Les Bourses du travail


par M. Gustave de Molinari.

Correspondant de l’Institut, rédacteur en chef du Journal des Économistes


Appendice.

Note H

P. 30. — Le droit de préemption.


Le droit de préemption que se réservait le seigneur sur les produits de l’industrie de son domaine et sur les articles d’échange subsistait encore il y a deux siècles, en Russie, où le Czar l’exerçait à son profit, où il a agi comme une cause de démoralisation commerciale.
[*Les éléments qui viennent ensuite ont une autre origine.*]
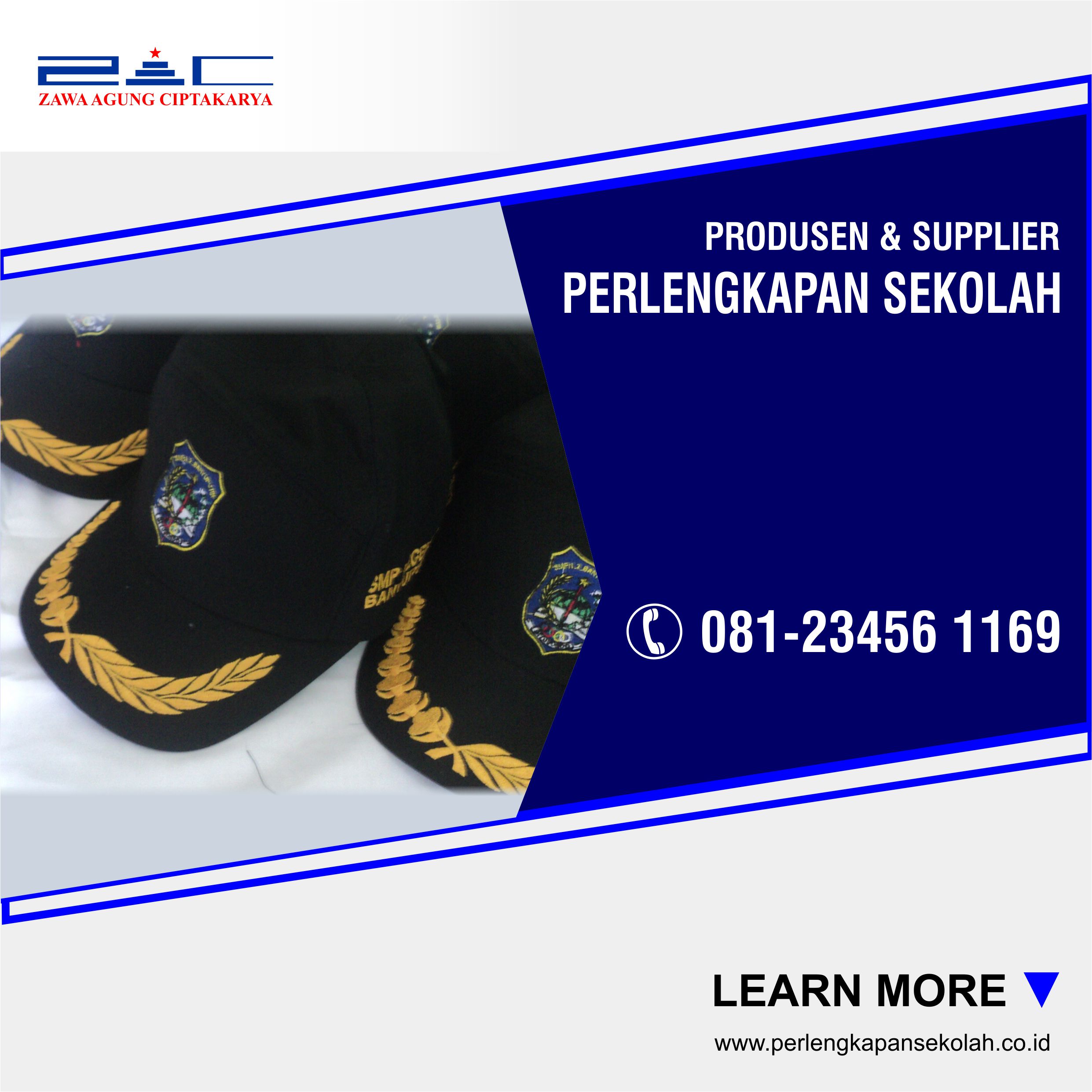 Membuat topi sekolah dengan bahan kualitas pilihan dan bordiran logo yang rapi.

« Jusque vers la fin du dix-septième siècle, dit M. H. Scherer, l’industrie et le commerce de la Russie languirent sous un régime oppressif, dont les principes et les formes tout asiatiques isolèrent encore cette contrée de l’Europe. Dans un empire où même les classes qui possédaient le sol ne pouvaient disposer librement de leur propriété, à plus forte raison devait-il être difficile aux classes pour lesquelles l’absence d’entraves est le premier besoin, d’acquérir une situation indépendante et appropriée aux professions qu’elles exerçaient. La volonté du Czar leur traçait leur système d’activité. En sa qualité de propriétaire unique du sol, il était aussi le seul marchand et supprimait ainsi la concurrence, qui est le principe vital de l’industrie. Le Czar exerçait un droit de préemption sur toutes les marchandises tant indigènes qu’étrangères. Aucun marchand étranger ne pouvait vendre à d’autres qu’au Czar, quand il avait déclaré l’intention d’acheter ses marchandises. Le Czar envoyait des agents dans les provinces pour y acheter à des prix minimes et arbitraires les produits les plus remarquables, qu’il revendait ensuite avec un bénéfice considérable aux marchands indigènes ou étrangers. Ils ne pouvaient refuser même les marchandises avariées, car les intérêts du monarque passaient avant ceux du sujet. Indépendamment des monopoles permanents de l’eau-de-vie, de l’hydromel, de la bière forte et des grains, le Czar monopolisa aussi de temps en temps les produits qu’il recevait à titre de tribut ou de contribution, tels que pelleteries, cire, chevaux tartares, toile, etc., nul, en pareil cas, ne pouvait vendre de ces produits avant que l’approvisionnement impérial ne se fût débité à de hauts prix. Tous ces privilèges dérivaient du pouvoir absolu de l’autocrate sur la vie et les biens de ses sujets. Le commerce ne pouvait pas se soustraire à cette loi fondamentale, loi profondément entrée dans les habitudes ; et comme il lui était impossible de s’enrichir honnêtement, on se crut bientôt obligé d’être malhonnête. Les Russes étaient connus pour leurs fraudes et pour leurs ruses commerciales, et ils n’avaient pas leurs pareils sous ce rapport. Pour ne pas être trompé en affaires avec les Russes, dit un historien déjà ancien, il faut exiger sur-le-champ la marchandise achetée ou le prix convenu ».

(H. Scherer. Histoire du Commerce, traduite par H. Richelot et Charles Vogel, t. III, p. 597.)